The status tests come with a health warning! In the same way that case law is a matter of interpretation, with HMRC often at odds with others, the same can be said of the status tests. The courts give indications of the weight they apply to particular tests but these can vary depending upon the facts of the individual case and over the years the level of importance given to particular tests can change significantly.

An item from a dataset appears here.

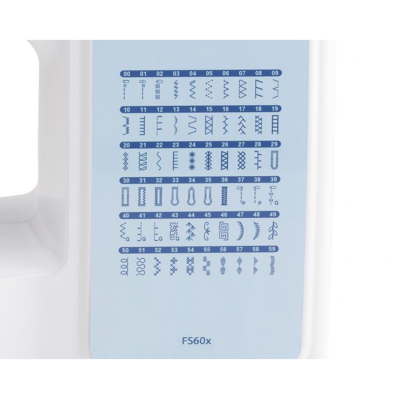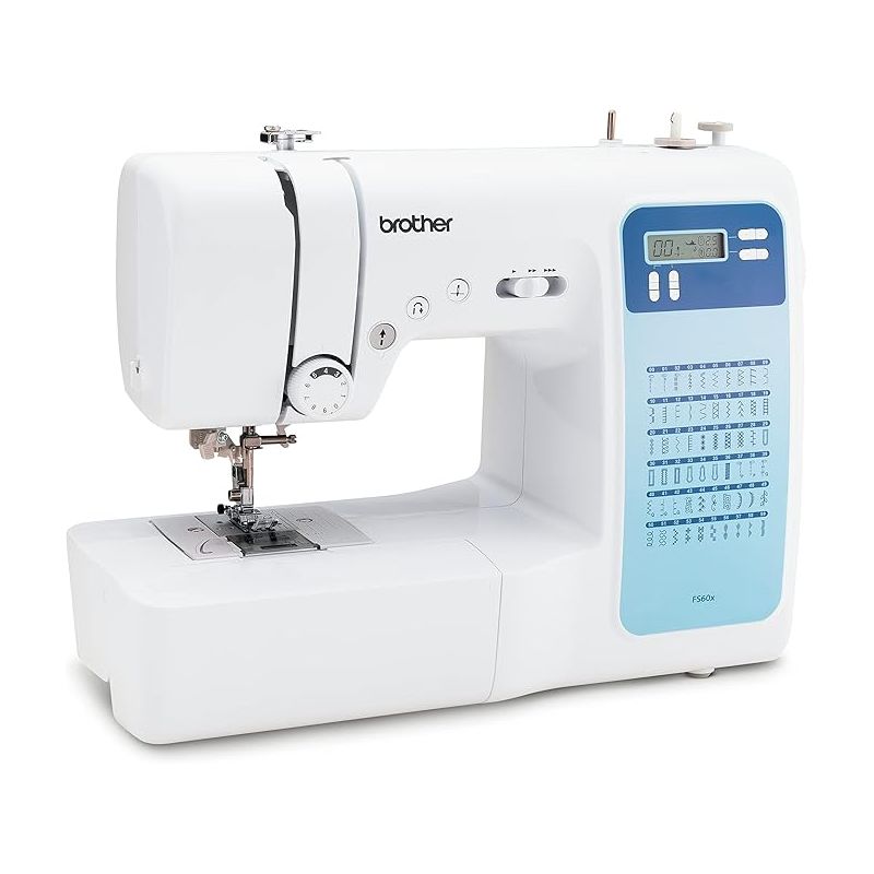 La Brother FS60x est une machine à coudre polyvalente équipée de 60 points fonctionnels et décoratifs, dont des points droits, zigzag, élastiques, de surjet, de quilting, de patchwork, de feston et des points de croix. Elle propose également sept boutonnières entièrement automatiques en une étape qui s'adaptent à la taille du bouton, ce qui lui permet de s'adapter à une grande variété de tissus et d'épaisseurs.

Each time HMRC considers status they issue form Annex A which lists the factors that HMRC currently (2007) consider relevant as follows:
- whether there is an ultimate right of control on the part of the engager over what tasks have to be done, where the services have to be performed, when they have to be performed and how they have to be performed
- whether personal service is required
- whether the worker has the right to provide a substitute or engage helpers
- who has to provide the equipment and/or materials
- whether the worker has a real risk of financial loss
- whether the worker has the opportunity to profit from sound management for example by reducing overheads and organising work effectively
- the basis of payment
- whether there are 'employee type' benefits for example sick pay, holiday pay etc
- whether the worker works exclusively for the engager
- whether the worker is part and parcel of the engagers business or organisation
- whether there is a right of dismissal by notice of a specific length
- factors personal to the worker for example, number of engagements and business organisation
- the intention of the engager and worker as regards employment status
As you will see from the section 'The case law' and how it relates to the contract, HMRC’s list does not include mutuality of obligation, a factor most specialists consider to be fundamental to status. Hence the opening health warning!